Do you have any leads?
What is your complexion? - I ask this meaning NO offense, but the whiter we might be, in certain parts of Brazil attracts more attention. - Especially if one doesn't speak Portuguese.

Come down here with an empty suitcase (except for a change of clothes,) then buy local stuff, to at least 'fit in'.

I liked Pernambuco in general, but I was there in 1994/95, so much might have changed?

Check out "Porto de Galinhas".


----------



## Vivaed

I'm trying to stay as close to Recife as I can.

The missionaries that help my parent find me are still living in the area, so I have that.

I've been using Duolingo (Mobile app on Android and iOS) to learn as much Portuguese as I can before I leave.


----------



## AnthonyRMC

Judging by your photo, you will fit in fine.
Good luck to you sir.


----------



## warlock233

Good luck!
Come back to tell us how it goes


----------



## Vivaed

I had dinner the other night with the daughter of the missionaries that helped adopt me in 1984, her name is Adriana- she will be teaching me Portuguese 1 on 1 for the rest of the time that I will be in the US.
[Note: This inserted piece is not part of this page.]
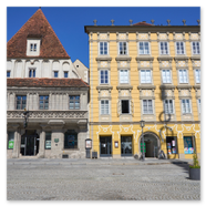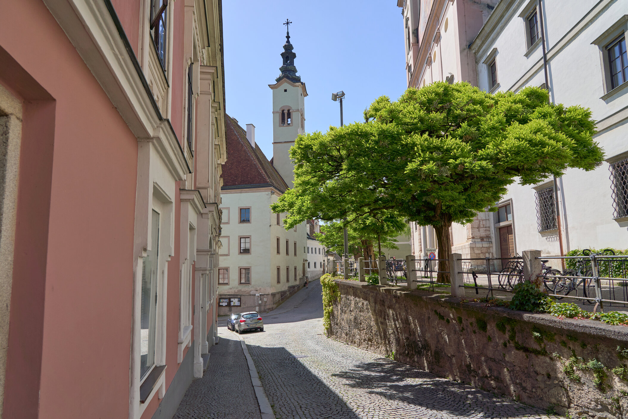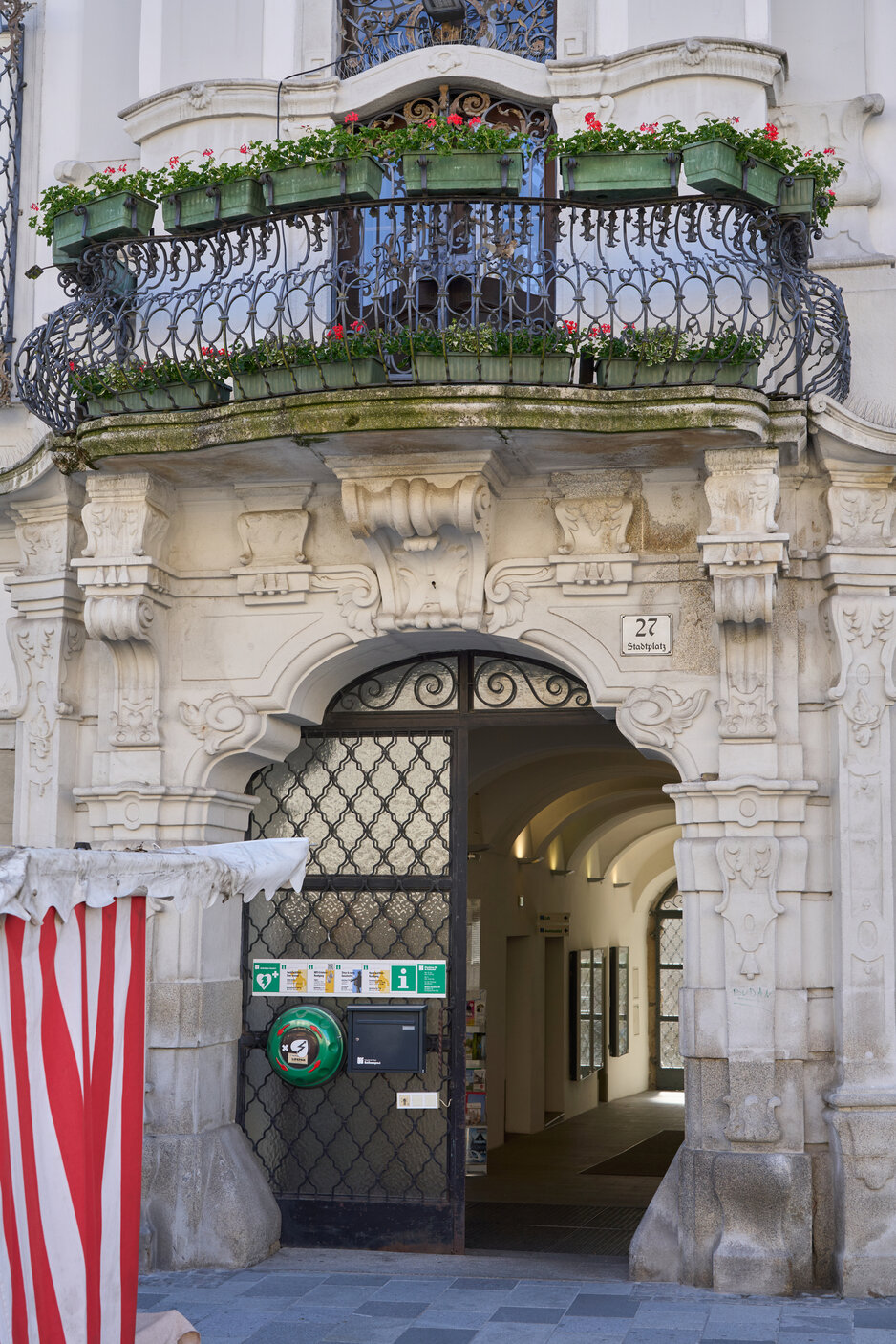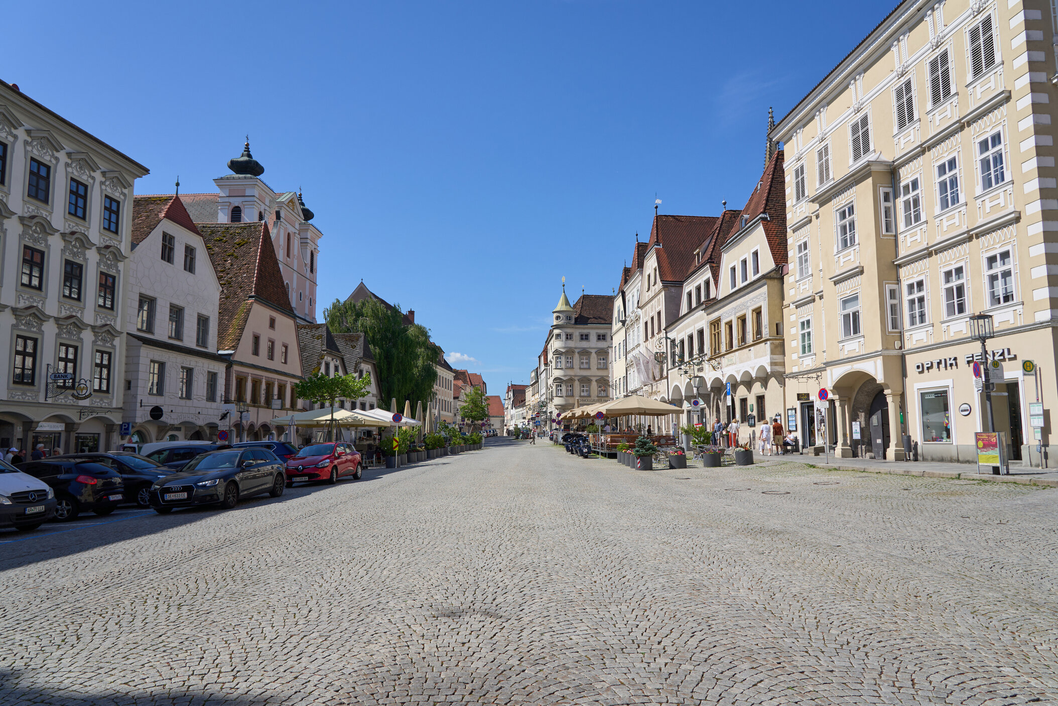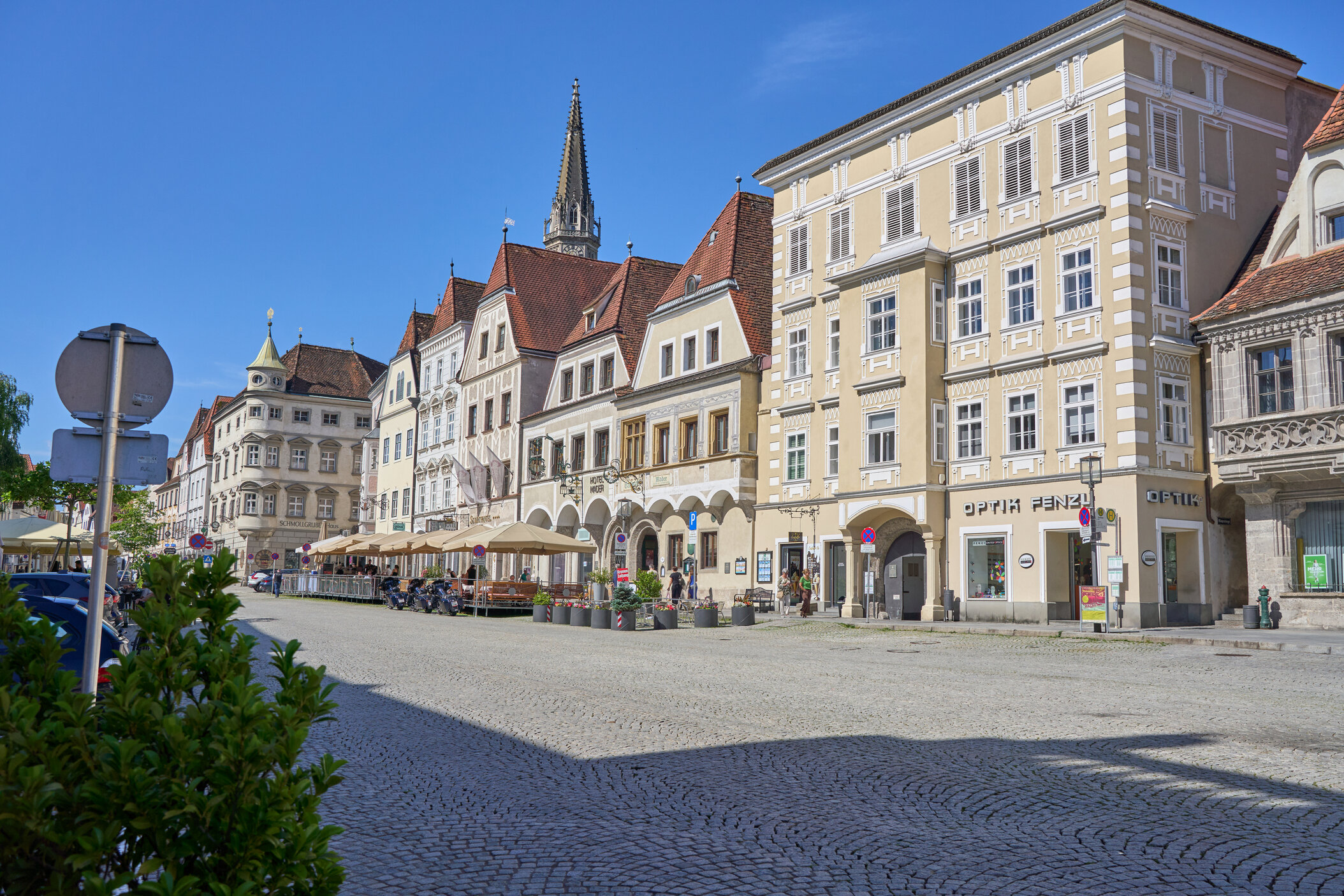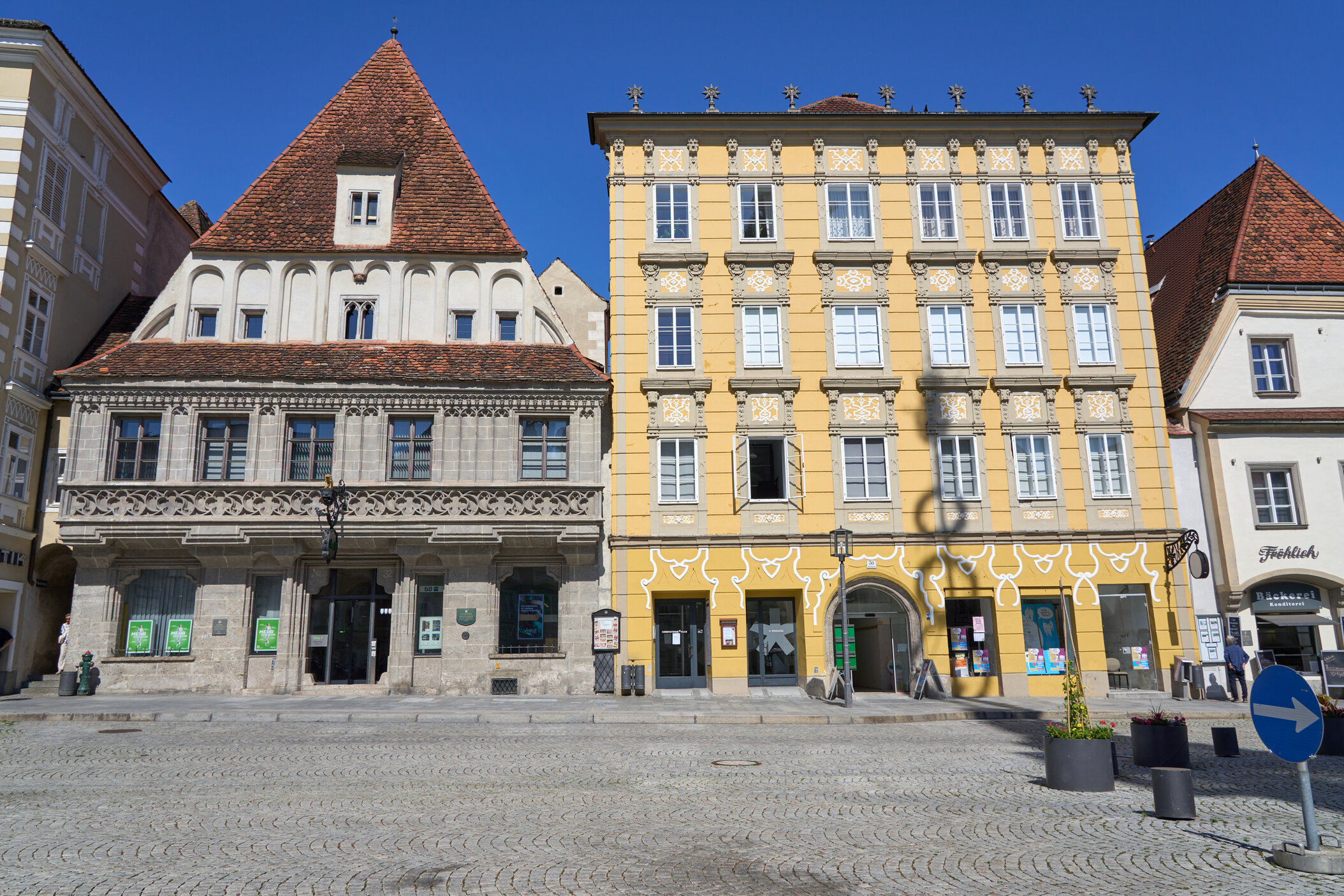 Der historische Stadtplatz ist ein architektonisches Juwel mit Bürgerhäusern aus verschiedenen Epochen. Besonders auffällig: das Bummerlhaus, eines der besterhaltenen gotischen Profanbauten Österreichs

She told me that I was welcome to stay with her parents in Recife. I am super excited now that I have someone to show me around and what to do and what not to do lol


----------



## AnthonyRMC

That is good news indeed.

Just a word of caution.
You have obvious connections with missionaries, who are fine people of course, but once you are away from them, - be aware.
Seriously, Brazil is a dangerous place, and although you are a Brazilian, and will arrive here speaking some reasonable Portuguese hopefully, your accent will give you away in an instant.


----------



## warlock233

Yes, and on top of the that, there has been a lot of protests and other things going on. The police was on strike last week and there were several crimes happening around the whole city.
Try to learn as much as you can from the missionaries (such as where to go and not go, what times, etc) and try to make some local friends. As long as you have someone you can trust with you, you should be fine.
You shouldn't be paranoid, but you really need to be cautious.


----------